Implementation checklist

  • Mass data tools configured with allowed_callers: ["code_execution_20260120"]
  • Detailed output format description in each tool (types, fields, structure)
  • Timeouts implemented in tools that can take >30 seconds
  • Tool result validation to prevent code injection
  • Monitor expires_at field to avoid container timeouts
  • Container reuse via container field for related sessions
  • Tests that verify only final output reaches context (no intermediate data)

Sources

  1. Improved Web Search with Dynamic Filtering — Claude Blog — data on accuracy improvements and token reduction in web searches.
  2. Advanced Tool Use Performance — Anthropic Engineering — metrics on token reduction and accuracy improvements in Tool Search and Tool Use Examples.
  3. Programmatic Tool Calling — Claude API Docs — official technical documentation on implementation and use cases.

Frequently Asked Questions

What happens if my tool fails during programmatic execution?

Python code receives the error as a string and Claude can handle it programmatically — retry, logging, fallbacks.
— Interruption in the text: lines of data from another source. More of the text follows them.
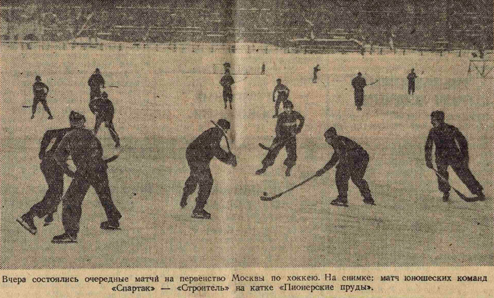 Вчера начался розыгрыш первенства Москвы по хоккею. Центральный матч происходил на катке «Пионерские пруды», где встретились хоккеисты «Спартака» с командой части майора Иванова. Игра привлекла много зрителей, с интересом наблюдавших за ходом матча. Общий счет матча 4:0 в пользу «Спартака».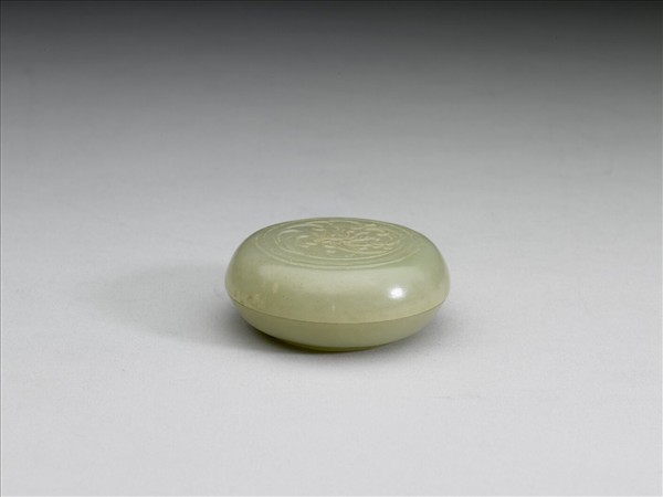 青玉小圓盒,有綹。蓋與器身略相等,弧形壁,有圈足。蓋面飾有番蓮卷葉紋。
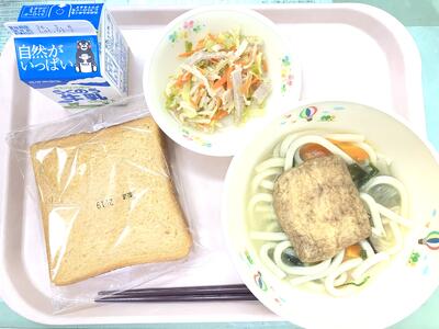 問題です。料理に「きつね」と名前が付いているときに使われる食品は次のうちどれでしょう?①ねぎ②きつねの肉③油揚げ、さて何番でしょう?給食を見ればわかりますよね。正解は、②番!ではなくて、③番の油揚げです。きつねは神様の使いとして、稲荷神社で油揚げをおそなえされ、昔話でも油揚げをとる話が多かったので、油揚げをきつねとよぶようになりました。油揚げは、豆腐をうすく切って油で揚げたものです。つまり大豆が姿をかえた食品です。今日のきつねは、大塚さんがじっくり炊き上げてくださいました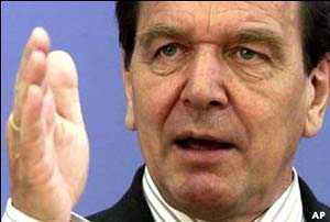Versucht erst seit dem drohenden Irakkrieg, eine eigene Richtung vorzugeben und erklärte sich vorher "uneingeschränkt solidarisch" mit den USA. Durch die von Ihm initiierte Beteiligung deutscher Soldaten im "Kampf gegen den Terror" trägt er Mitschuld am Tod von unbeteiligten Zivilisten in Afghanistan. Genauso wie Hr. Blair ebnet er unter dem Deckmantel einer sozialdemoktratischen Partei den Weg für den Turbokapitalismus. Seinen Arbeitsminister, einen Ex-Gewerkschaftler, brachte er sogar dazu, ein Tabu zu brechen, an das sicht nicht einmal konservative Regierungen vorher herangewagt hatten: Die Aufkündigung der Solidargemeinschaft. Seit 2002 muß jeder abhängig beschäftigte Bundesbürger Jahr für Jahr mehr für seinen Privatrentenanteil sorgen, die Arbeitgeber bleiben so von Kostenerhöhungen verschont. Daß diese Maßnahme trotzdem keine Arbeitsplätze schafft hat man sehr schnell gesehen. In der Diktatur des Kapitals haben demokratische Institutionen eben keine Lobby. So verhält es sich auch bei der Ökosteuer, die nicht etwa zur Behebung von durch Gebrauch fossiler Brennstoffe verursachter Naturschäden dient, sondern zur Senkung der Lohnnebenkosten, also als Subvention der Arbeitgeber. Nach seinen Worten wollte er am Ende seiner Amtszeit am Stand der Arbeitslosen (Ziel: 3.000.000) gemessen werden. Da gibts nur eins: setzen, sechs! Leider stand zur Bundestagswahl 2002 nur die Horrortruppe von Stoiber als Alternative mit Siegchancen zur Wahl, weshalb man schon froh sein muß, daß er es nochmal geschafft hat. Resümee: An ihm und seinen Gegenkandidaten erkennt man, wie tief Deutschland schon gesunken ist! |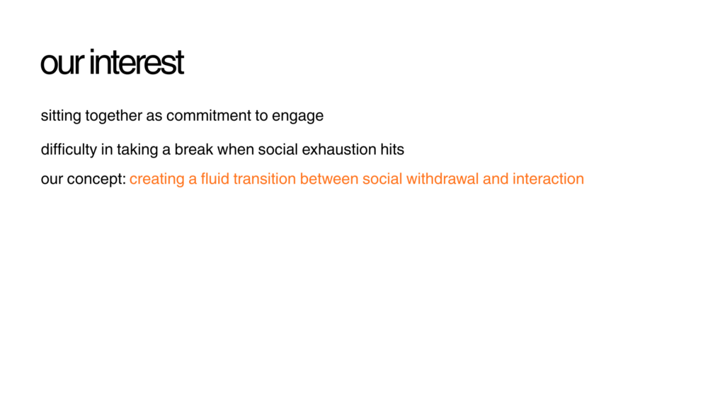 our installation should create a fluid and comforting space that makes it easier, and puts emphasis on this transition.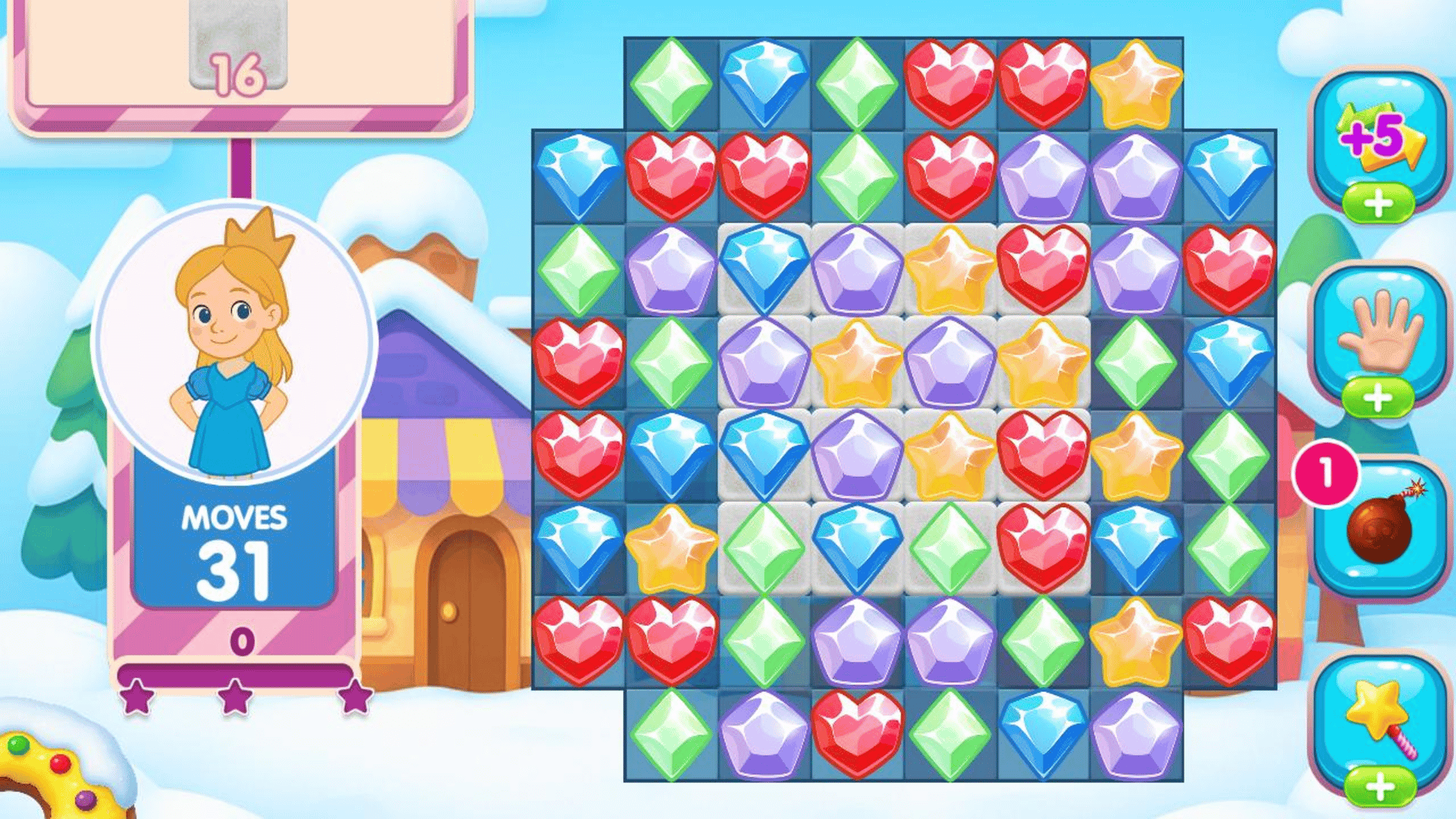 Solve 100 levels in this match 3 game with a beautiful princess in a magical ice world

It’s more resilient than direct mode because the error doesn’t interrupt the entire conversation.

Can I mix programmatic and direct tools in the same request?

Yes, but it’s not recommended. The hybrid pattern confuses the model about when to use each mode. Better to separate clearly: mass data tools → programmatic, UI/confirmation tools → direct.

How do I debug the code Claude generates internally?

The stdout field in code_execution_tool_result shows prints from the code. Use print() statements in your tool logic for debugging. You can also inspect the code in response.content[n].input.code.

Is sandbox overhead worth it for simple tasks?

No. For a single query with small response, container creation overhead exceeds the benefit. As an empirical heuristic: use programmatic mode when you anticipate 3+ calls or datasets >10KB. Measure p95 latency and token costs for your specific case.

Do containers maintain state between requests?

Yes, if you reuse the container ID. Variables, imports, temporary files persist for ~4.5 minutes. Useful for multistep analysis where you need to keep datasets in memory.

Critical security warning: Only reuse containers within the same user or session. In multi-tenant applications, reusing a container between different users exposes variables, temporary files, and data from one user to another. Always invalidate the container ID when changing security context.

How do I implement the complete conversation loop?

The pattern is simple: while stop_reason === "tool_use", respond with tool_result blocks and continue until stop_reason === "end_turn". See the complete TypeScript example in the “Practical implementation” section showing the while loop for handling multiple programmatic tool calls.